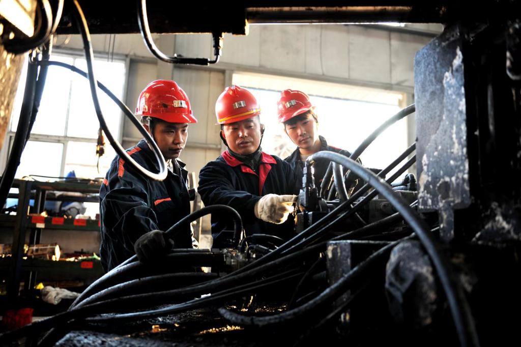 杲志(中間)在為職工講解鉆機(jī)維修知識(shí)
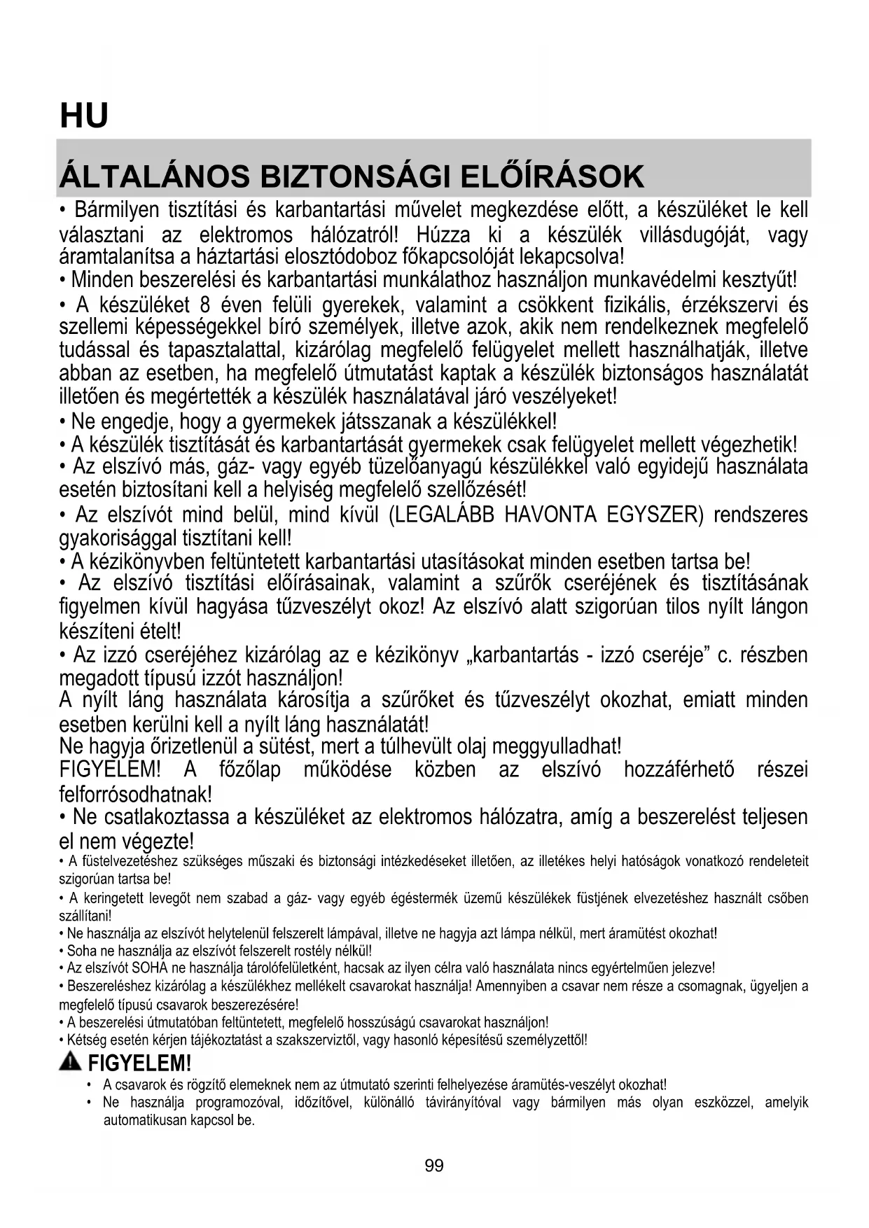 - Az elszívó tisztítási előírásainak, valamint a szűrők cseréjének és tisztításának figyelmen kívül hagyása tűzveszélyt okoz! Az elszívó alatt szigorúan tilos nyílt lángon készíteni ételt!
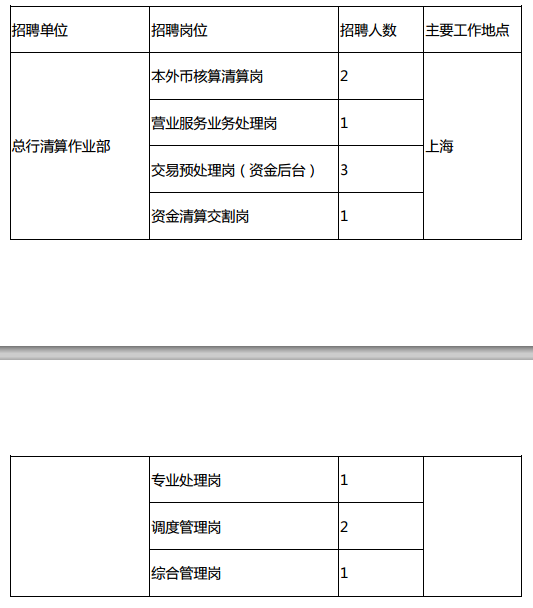 應(yīng)聘條件:35 周歲以下;全日制本科及以上學(xué)歷;2 年以上銀行工作經(jīng)驗(yàn);熟悉本外幣支付結(jié)算、清算,對(duì)公對(duì)私清算、境內(nèi)外清算等業(yè)務(wù)流程;具有較為全面的業(yè)務(wù)知識(shí)和較強(qiáng)的實(shí)務(wù)操作能力;具有柜面從業(yè)經(jīng)歷,銀行業(yè)務(wù)操作和管理資質(zhì),以及基金、證券、期貨公司或交易與清算機(jī)構(gòu)等工作經(jīng)歷者優(yōu)先。

= = =

(Task directions) Pictures aside, reproduce all of the data exactly.

(Answer to this problem)
 杲志(中間)在為職工講解鉆機(jī)維修知識(shí)
 - Az elszívó tisztítási előírásainak, valamint a szűrők cseréjének és tisztításának figyelmen kívül hagyása tűzveszélyt okoz! Az elszívó alatt szigorúan tilos nyílt lángon készíteni ételt!
 應(yīng)聘條件:35 周歲以下;全日制本科及以上學(xué)歷;2 年以上銀行工作經(jīng)驗(yàn);熟悉本外幣支付結(jié)算、清算,對(duì)公對(duì)私清算、境內(nèi)外清算等業(yè)務(wù)流程;具有較為全面的業(yè)務(wù)知識(shí)和較強(qiáng)的實(shí)務(wù)操作能力;具有柜面從業(yè)經(jīng)歷,銀行業(yè)務(wù)操作和管理資質(zhì),以及基金、證券、期貨公司或交易與清算機(jī)構(gòu)等工作經(jīng)歷者優(yōu)先。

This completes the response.